- **Exercise description**: The part below that opens with the line containing "You are here:Home" and closes with the line containing "Spacious contemporary 21st-floor" should be copied exactly, minus any pictures.

- **Provided records**:
══════════

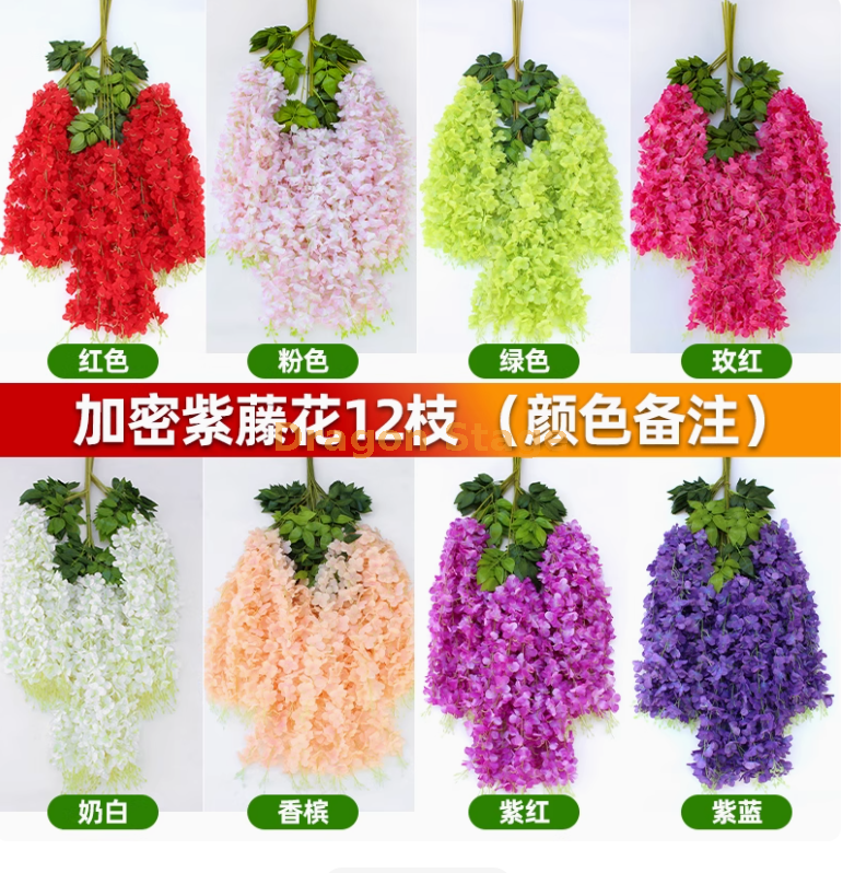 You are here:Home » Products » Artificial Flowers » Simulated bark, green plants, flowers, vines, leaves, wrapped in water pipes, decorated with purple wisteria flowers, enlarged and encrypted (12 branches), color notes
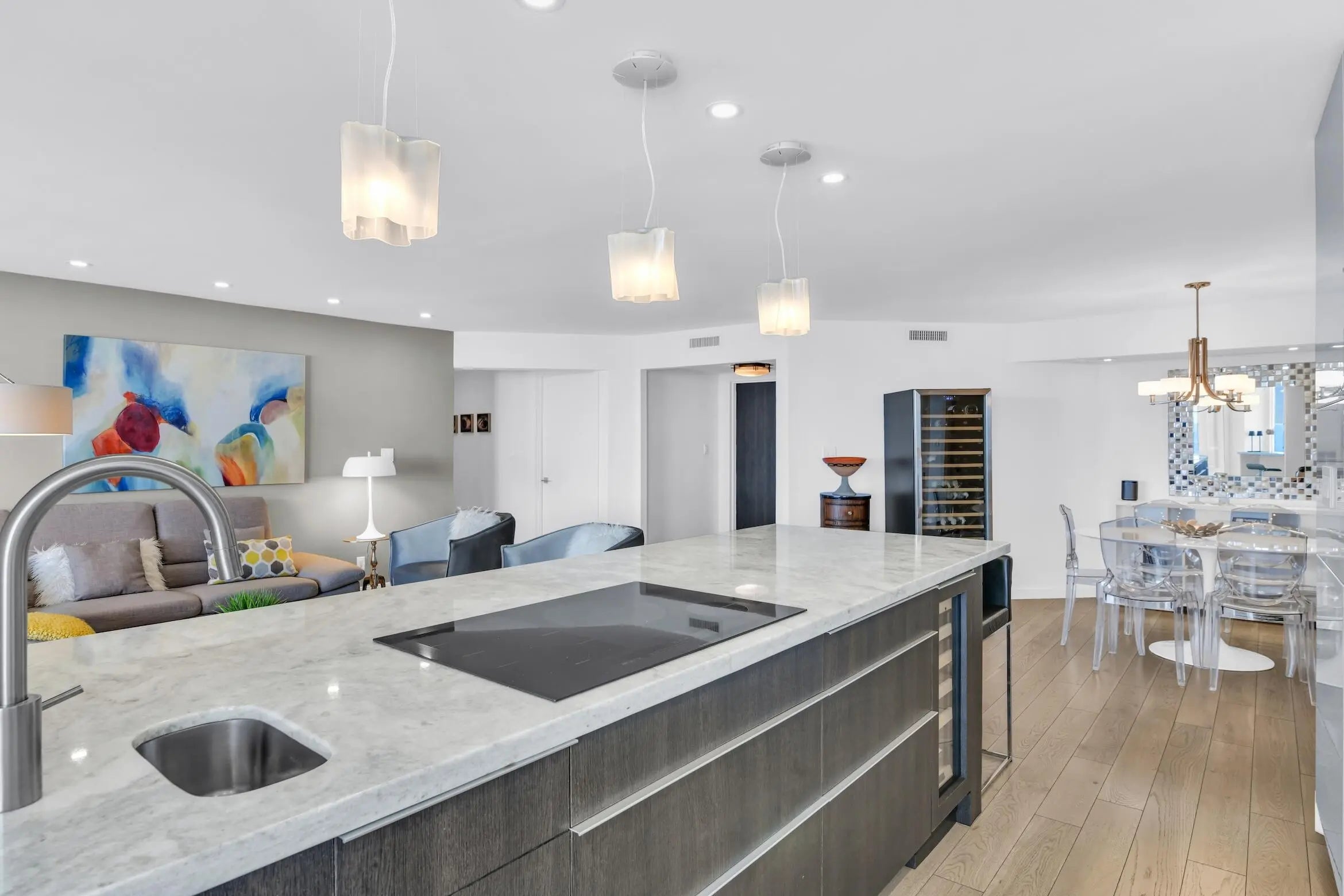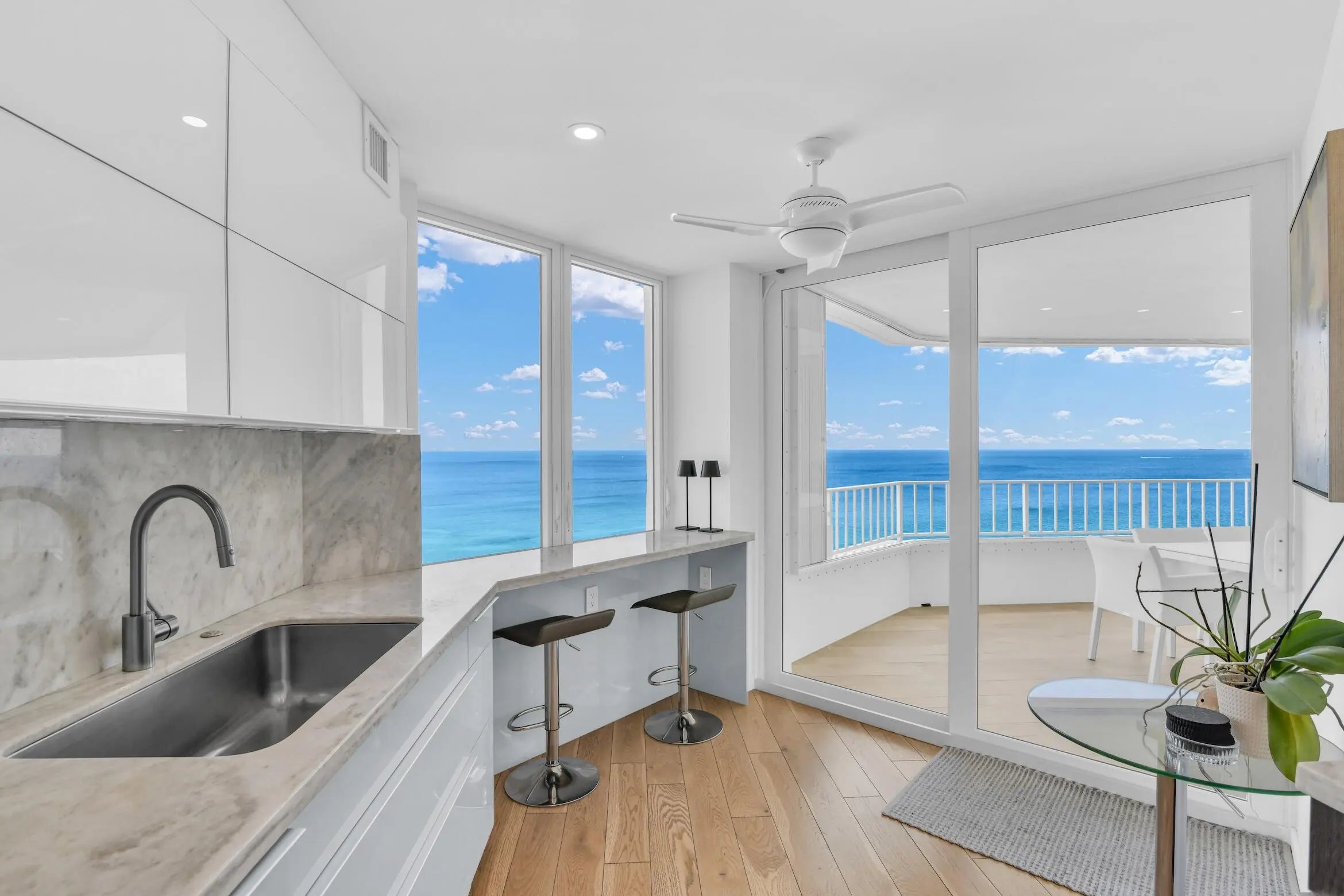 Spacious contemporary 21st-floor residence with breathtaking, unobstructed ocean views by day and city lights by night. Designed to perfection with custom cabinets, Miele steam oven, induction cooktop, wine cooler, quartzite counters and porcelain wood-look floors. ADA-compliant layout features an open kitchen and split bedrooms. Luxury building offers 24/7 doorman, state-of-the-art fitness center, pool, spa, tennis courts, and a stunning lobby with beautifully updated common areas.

══════════

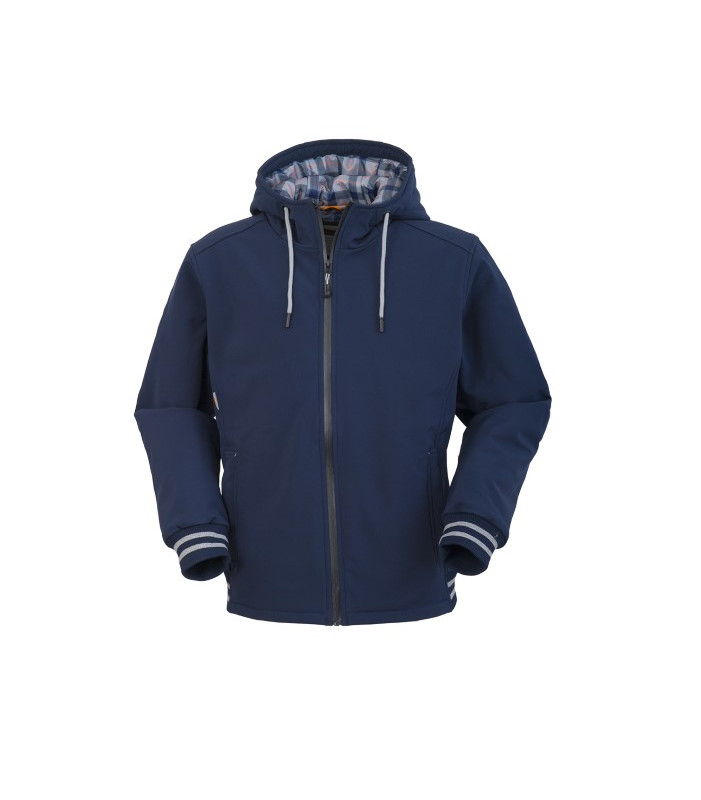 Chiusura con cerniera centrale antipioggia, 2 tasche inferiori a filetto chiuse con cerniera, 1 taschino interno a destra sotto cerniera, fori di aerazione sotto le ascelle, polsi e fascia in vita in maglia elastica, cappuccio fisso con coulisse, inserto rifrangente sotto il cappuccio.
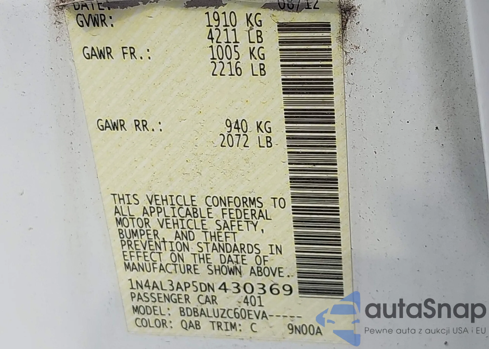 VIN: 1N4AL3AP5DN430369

══════════

- **Your response**:
 You are here:Home » Products » Artificial Flowers » Simulated bark, green plants, flowers, vines, leaves, wrapped in water pipes, decorated with purple wisteria flowers, enlarged and encrypted (12 branches), color notes
 Spacious contemporary 21st-floor residence with breathtaking, unobstructed ocean views by day and city lights by night. Designed to perfection with custom cabinets, Miele steam oven, induction cooktop, wine cooler, quartzite counters and porcelain wood-look floors. ADA-compliant layout features an open kitchen and split bedrooms. Luxury building offers 24/7 doorman, state-of-the-art fitness center, pool, spa, tennis courts, and a stunning lobby with beautifully updated common areas.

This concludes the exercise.